**ACTIVITY**:
Exactly as they appear, retype the lines from the one containing "Можно предположить, что" through the final line of the data below. Leave pictures out.

**AVAILABLE DATA**:
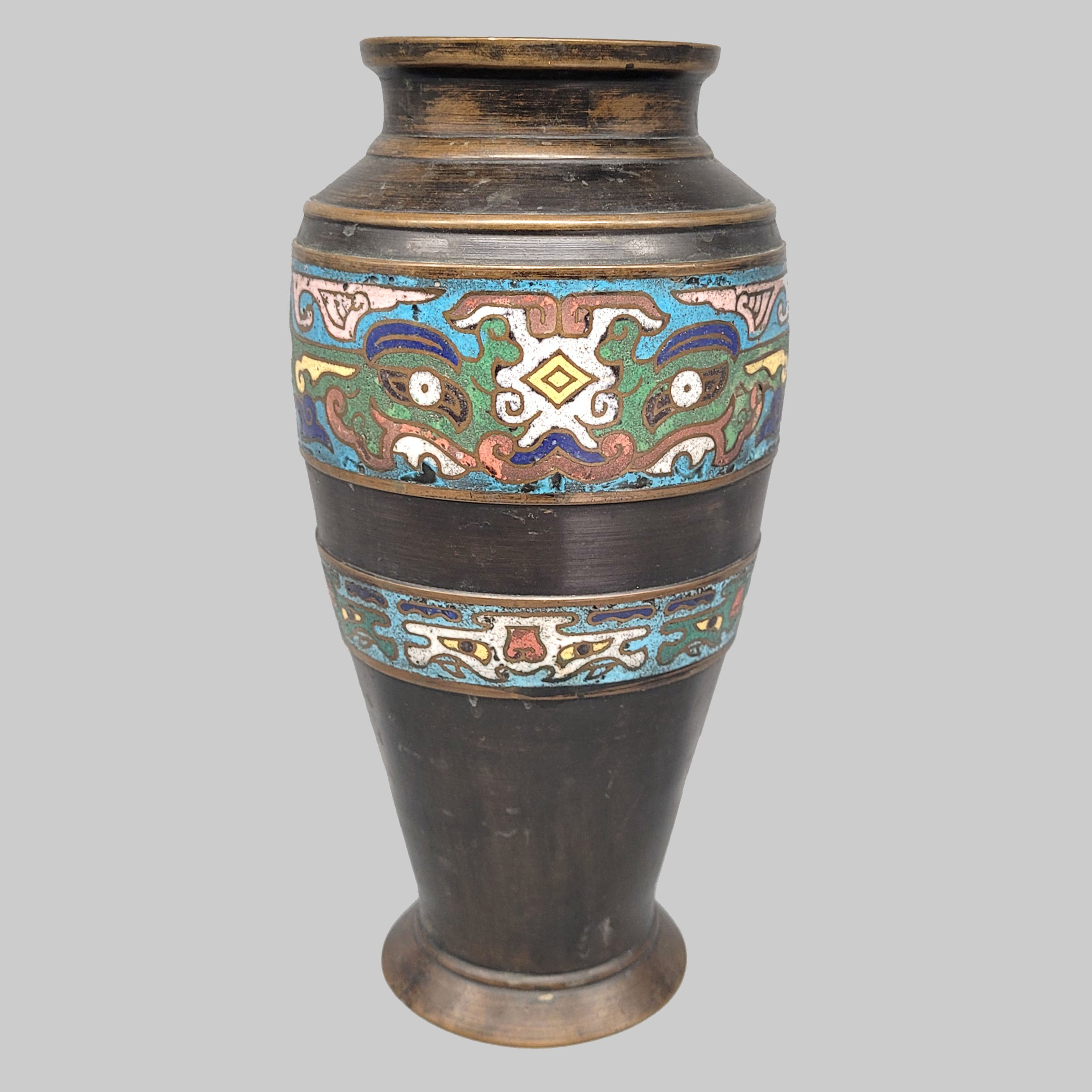 VaseBronze, zweizoniger Dekor in Cloisonné-Technik, bodenseitig gemarkt, Japan, Meiji-Zeit, um 1900, Höhe 25 cm
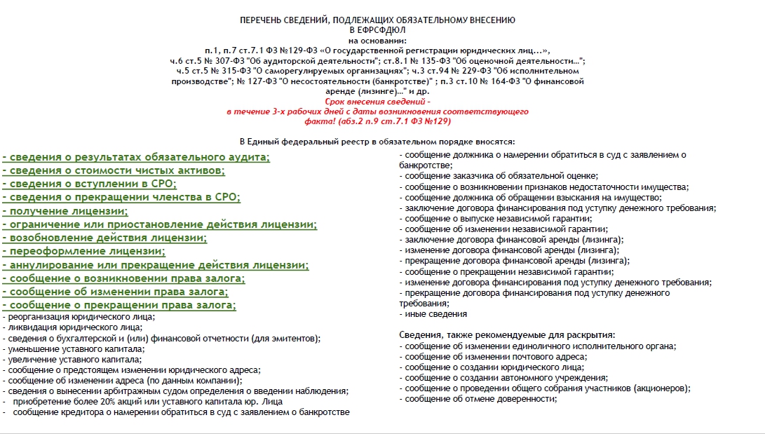 Можно предположить, что из-за отсутствия штрафных санкций..? Но это не так. Штрафные санкции присутствуют согласно части 6;7;8 статьи 14.25 «Кодекс Российской Федерации об административных правонарушениях» от 30.12.2001 № 195-ФЗ. Может тогда из-за существующего мнения, что внесение сведений является обязанностью уполномоченного федерального органа исполнительной власти, осуществляющего государственную регистрацию юридических лиц? Но это тоже не верно! В пункте 8 статьи 7.1 Федеральный закон от 08.08.2001 г. № 129-ФЗ «О государственной регистрации юридических лиц и индивидуальных предпринимателей» перечислены пункты, сведения в которых вносит в Федресурс федеральный орган исполнительной власти, осуществляющий государственную регистрацию юридических лиц. Сведения, указанные в подпунктах «к» – «п» пункта 7 статьей 7.1 Федерального закона от 8 августа 2001 г. N 129-ФЗ «О государственной регистрации юридических лиц и индивидуальных предпринимателей» подлежат внесению в Единый федеральный реестр сведений о фактах деятельности юридических лиц самостоятельно.
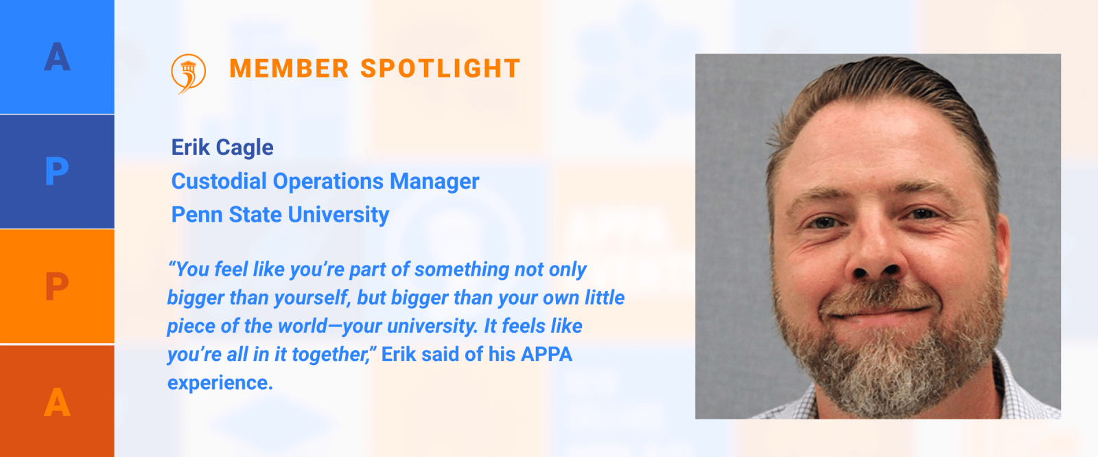 It was through these peer discussions that Erik learned of APPA, and this introduction came at an opportune time. He was deeply involved in developing a custodial professional development program when he attended his first Institute for Facilities Management.

**ANSWER FOR THE TASK**:
 Можно предположить, что из-за отсутствия штрафных санкций..? Но это не так. Штрафные санкции присутствуют согласно части 6;7;8 статьи 14.25 «Кодекс Российской Федерации об административных правонарушениях» от 30.12.2001 № 195-ФЗ. Может тогда из-за существующего мнения, что внесение сведений является обязанностью уполномоченного федерального органа исполнительной власти, осуществляющего государственную регистрацию юридических лиц? Но это тоже не верно! В пункте 8 статьи 7.1 Федеральный закон от 08.08.2001 г. № 129-ФЗ «О государственной регистрации юридических лиц и индивидуальных предпринимателей» перечислены пункты, сведения в которых вносит в Федресурс федеральный орган исполнительной власти, осуществляющий государственную регистрацию юридических лиц. Сведения, указанные в подпунктах «к» – «п» пункта 7 статьей 7.1 Федерального закона от 8 августа 2001 г. N 129-ФЗ «О государственной регистрации юридических лиц и индивидуальных предпринимателей» подлежат внесению в Единый федеральный реестр сведений о фактах деятельности юридических лиц самостоятельно.
 It was through these peer discussions that Erik learned of APPA, and this introduction came at an opportune time. He was deeply involved in developing a custodial professional development program when he attended his first Institute for Facilities Management.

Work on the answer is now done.